Avec le Forum Chrétien Francophone qui s’est tenu à Lyon du 28 au 31 octobre 2018, il semblerait que des ponts se créent entre les différentes confessions dont la plupart dialoguaient peu entre elles. Quel rôle a à jouer le CNEF et les évangéliques en tant qu’Eglises locales et individus?
Il y a une modification des relations inter-confessionnelles dans l’histoire récente. Elles ont été largement trustées par les luthéro-réformés et les catholiques, autour de grandes discussions théologiques dans un passé assez récent. Pendant ce temps, on a vu une évolution assez nette du côté évangélique. Ceux-ci ont découvert que les catholiques étaient sur la même longueur d’onde sur un certain nombre de positions éthiques, ce qui les a fait localement, souvent, tendre la main au moins pour des collaborations ponctuelles ou des relations personnelles avec des catholiques.

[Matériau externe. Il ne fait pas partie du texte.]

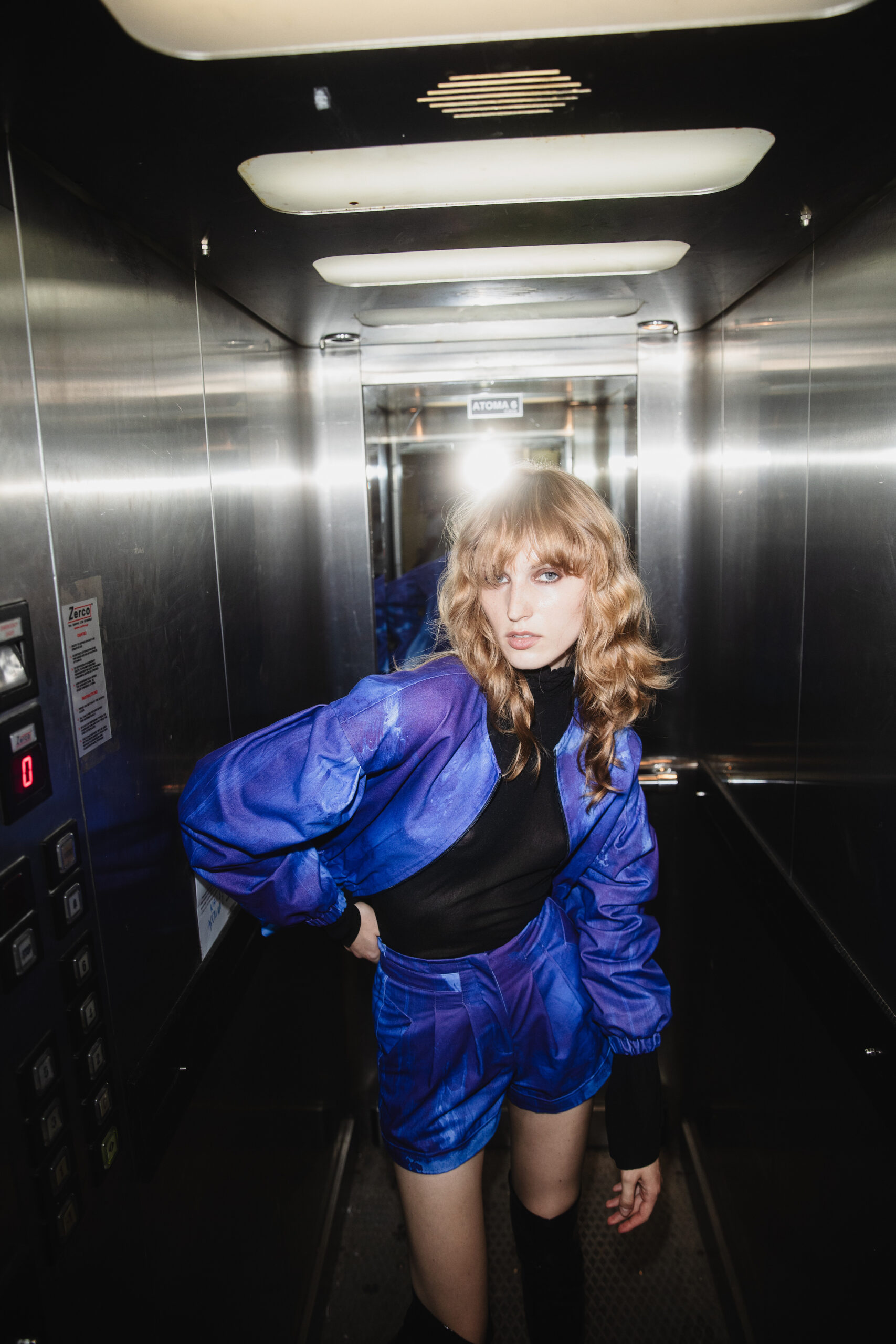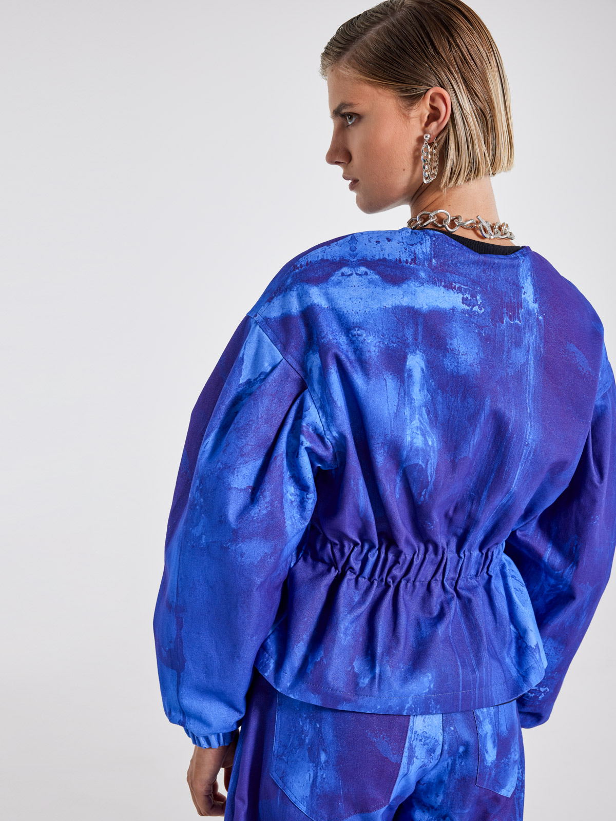 The Odell is made from cotton gabardine in our blue ‘Distressed Wall’ print. This simple yet striking silhouette features a sleek collarless neckline, architectural and voluminous sleeves, and a peplum waistband. It is finished with a center front zipper closure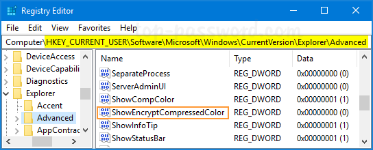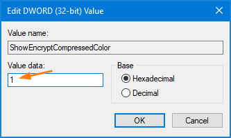 - 关闭注册表编辑器。 Windows 10 使文件名变得丰富多彩,以帮助您轻松识别加密或压缩的文件和文件夹。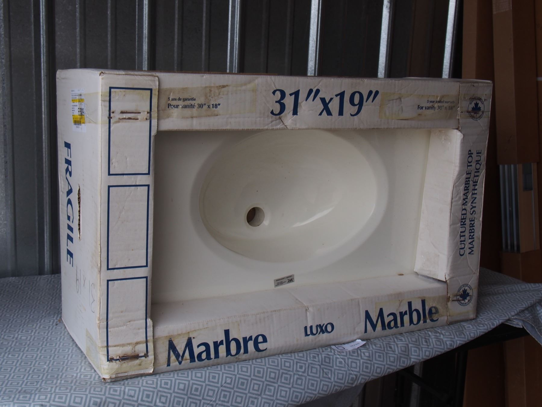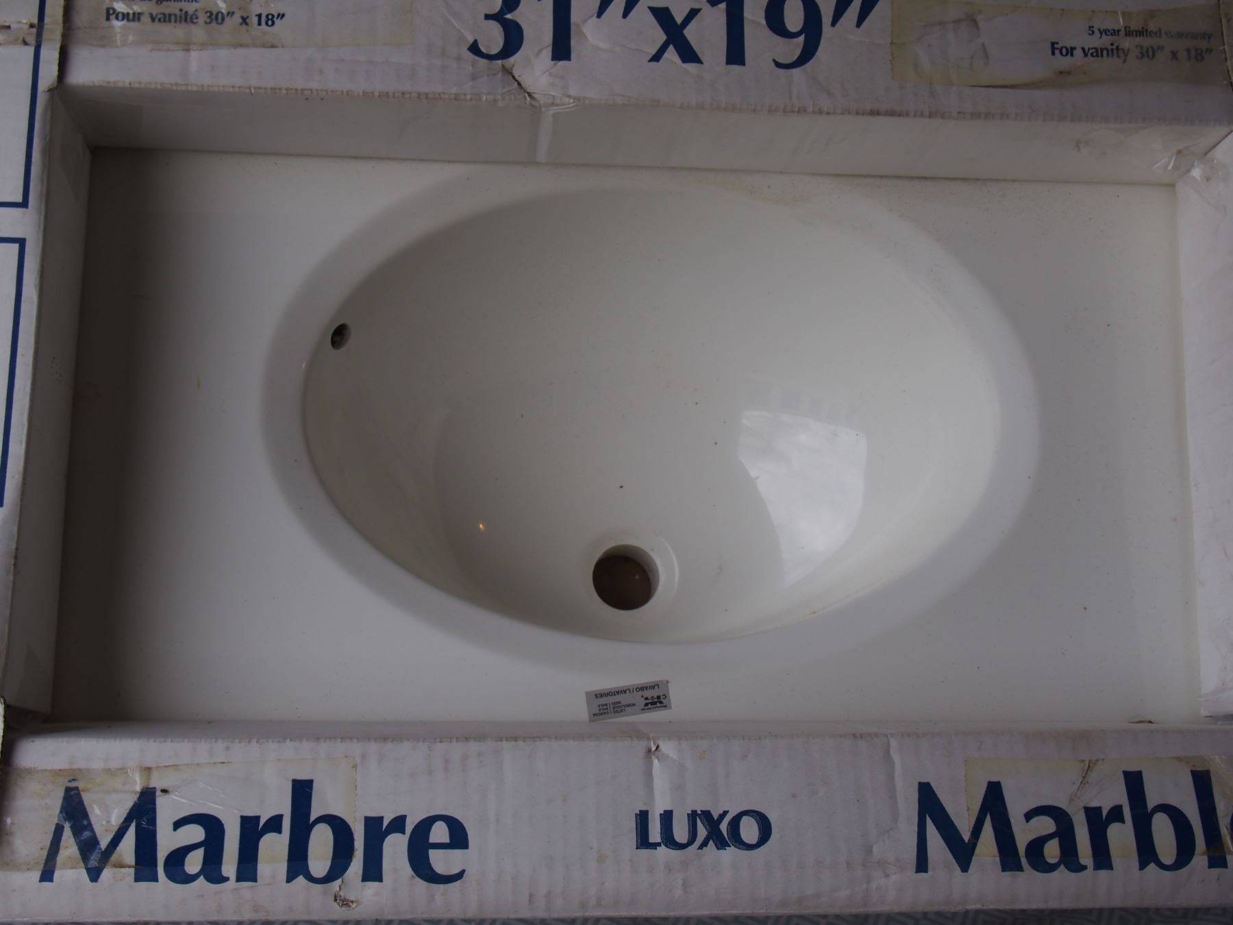 Uninstalled Marble Top Sink 31" X 19"

Là où c’est un peu plus compliqué, c’est que cette évolution locale tarde à trouver son expression régionale ou nationale chez les évangéliques. Je pense que les responsables évangéliques ont peur de visibiliser cette situation. Ils sont toujours prisonniers de certaines vieilles craintes à cet égard. Très visiblement le Groupe national de conversations catholiques-évangéliques, qui vient de fêter ses vingt ans, a permis d’avancer. Le Forum Chrétien Francophone a permis d’avancer dans la mesure où il aborde les choses bien davantage sur le plan des relations inter-personnelles que sur le plan des relations institutionnelles. C’est autour du cheminement de foi de chacun qu’on se retrouve. J’y étais, c’était très intéressant et assez passionnant. Je me dis, que nous ne pouvons pas en tant qu’évangéliques rester indifférents au fait que dans une société qui s’éloigne de plus en plus des vertus chrétiennes, ignorer que nous avons à côté de nous des hommes et des femmes qui en raison de leur foi, continuent à défendre la famille, la dignité humaine, etc. Ce serait à mon sens fou de ne pas le prendre en compte. Cela reste difficile pour une partie du monde évangélique de faire comprendre que nous ne sommes pas dans le tout et le rien. J’ai beaucoup d’amis évangéliques qui pensent qu’on se compromet tout de suite, alors que je pense qu’on peut développer des relations jusqu’à un certain point. Il reste des impossibilités institutionnelles, parce que derrière il y a des problèmes théologiques. Mais si on parle de la Trinité, si on parle de Jésus vrai homme et vrai Dieu, et des conséquences éthiques de la foi chrétienne, il y a de larges pans d’accords. J’irai même plus loin, il y a des occasions de faire cause commune contre des évolutions sociétales qui sont dramatiques.
Quels sont les principaux défis pour votre successeur et son équipe? Quels dossiers prioritaires allez-vous laisser sur votre bureau à votre successeur?
Pour moi le gros dossier sera celui de la formation. Je n’ai pas en tête forcément un seul modèle de formation. Il faut pourtant que les membres du monde évangélique arrêtent de croire qu’il suffit d’être spontanés et devenir responsables de son Eglise pour que tout aille bien. Il y a une dichotomie chez les gens qui peuvent faire des études longues et onéreuses pour gagner du fric et ne sont pas prêts à le faire pour faire avancer l’oeuvre du Seigneur. Il y a un truc qui ne va pas. Pour moi c’est le grand défi des années à venir. Si on ne réussit pas, l’évangélisme risque de se perdre dans beaucoup de fragilité. L’autre grand défi est de rester uni pour collaborer sans chercher à gommer nos diversités évangéliques, car elles existent. C’est un travail de tous les jours, il n’est jamais totalement gagné et nous ne sommes jamais totalement arrivés.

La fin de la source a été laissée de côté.